USC Cardiologia, Dipartimento Cardiovascolare, Ospedali Riuniti di Bergamo, Largo Barozzi 1, Bergamo, Italy.
Expert Rev Pharmacoecon Outcomes Res. 2010 Feb;10(1):49-61. doi: 10.1586/erp.10.1.
Drug-eluting stents substantially reduce restenosis compared with bare-metal stents and represent a significant advance in percutaneous coronary interventions. Accordingly, drug-eluting stents have been rapidly adopted into practice and are currently used in the vast majority of complex percutaneous coronary procedures. However, in the last 2 years, concerns have been raised regarding their long-term safety, especially regarding the risk of late and very-late stent thrombosis. Delayed endothelial coverage after drug-eluting stent implantation is thought to prolong the window of vulnerability to stent thrombosis, which requires a prolonged dual antiplatelet therapy. Recent registry studies and meta-analyses seem to have provided reassuring results regarding the long-term rates of death and myocardial infarction associated with the use of drug-eluting stents compared with bare-metal stents. However, data are not consistent and concerns remain.

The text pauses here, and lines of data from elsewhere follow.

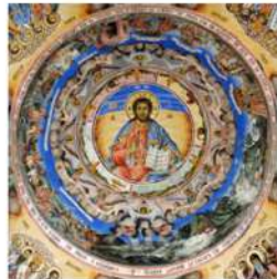
view up 039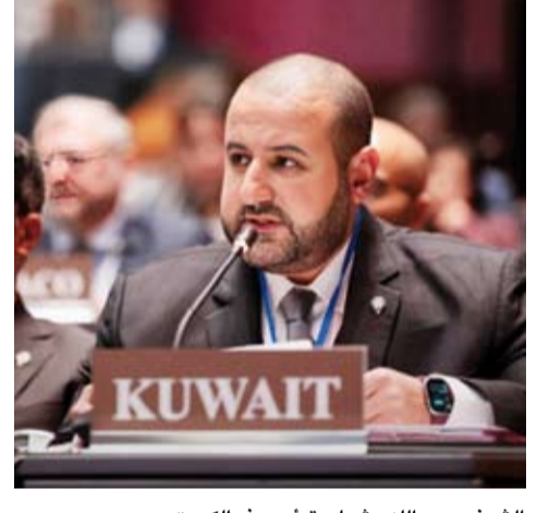
الشيخ د. عبدالله مشعل يترأس وفد الكويت

وعلى هامش المؤتمر عقد وكيل وزارة الدفاع والوفد المرافق عدداً من اللقاءات الثنائية مع رؤساء الوفود والمسؤولين الدوليين جرى خلالها بحث فرص تعزيز التعاون وتبادل الخبرات في الجوانب التقنية والتشريعية المتعلقة بتنفيذ الاتفاقية. وضم وفد دولة الكويت القائم بالأعمال بالإناية في سفارة الكويت لدى مملكة هولندا إبراهيم الدعى وعددًا من ممثلي وزارتي الخارجية والدفاع.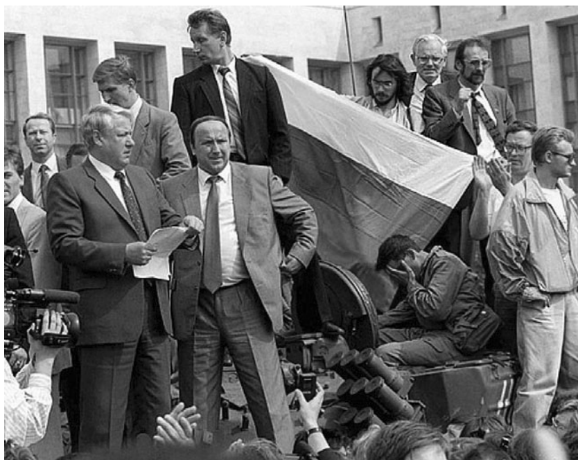
Президент России Борис Ельцин во время антигорбачевского путча в своей эмоциональной речи перед зданием правительства призывает население к всеобщей забастовке. 20 августа 1991 года

членение страны и разъединение государства <...>. Я покидаю свой пост с тревогой. Но и с надеждой, с верой в вас, в вашу мудрость и силу духа. Мы — наследники великой цивилизации, и сейчас от всех и каждого зависит, чтобы она возродилась к новой современной и достойной жизни. <...> Желаю всем вам всего самого доброго» 14 .

药物洗脱支架与裸金属支架相比,可显著降低再狭窄率,是经皮冠状动脉介入治疗的重大进展。因此,药物洗脱支架已迅速被广泛应用于临床实践中,目前已被广泛应用于绝大多数复杂的经皮冠状动脉介入手术中。然而,在过去的 2 年中,人们对其长期安全性提出了担忧,尤其是关于晚期和极晚期支架内血栓形成的风险。药物洗脱支架植入后内皮覆盖延迟被认为延长了支架内血栓形成的易损窗口,这需要更长时间的双联抗血小板治疗。最近的登记研究和荟萃分析似乎提供了令人放心的结果,表明与裸金属支架相比,药物洗脱支架的使用与死亡率和心肌梗死的长期发生率相关。然而,数据并不一致,担忧仍然存在。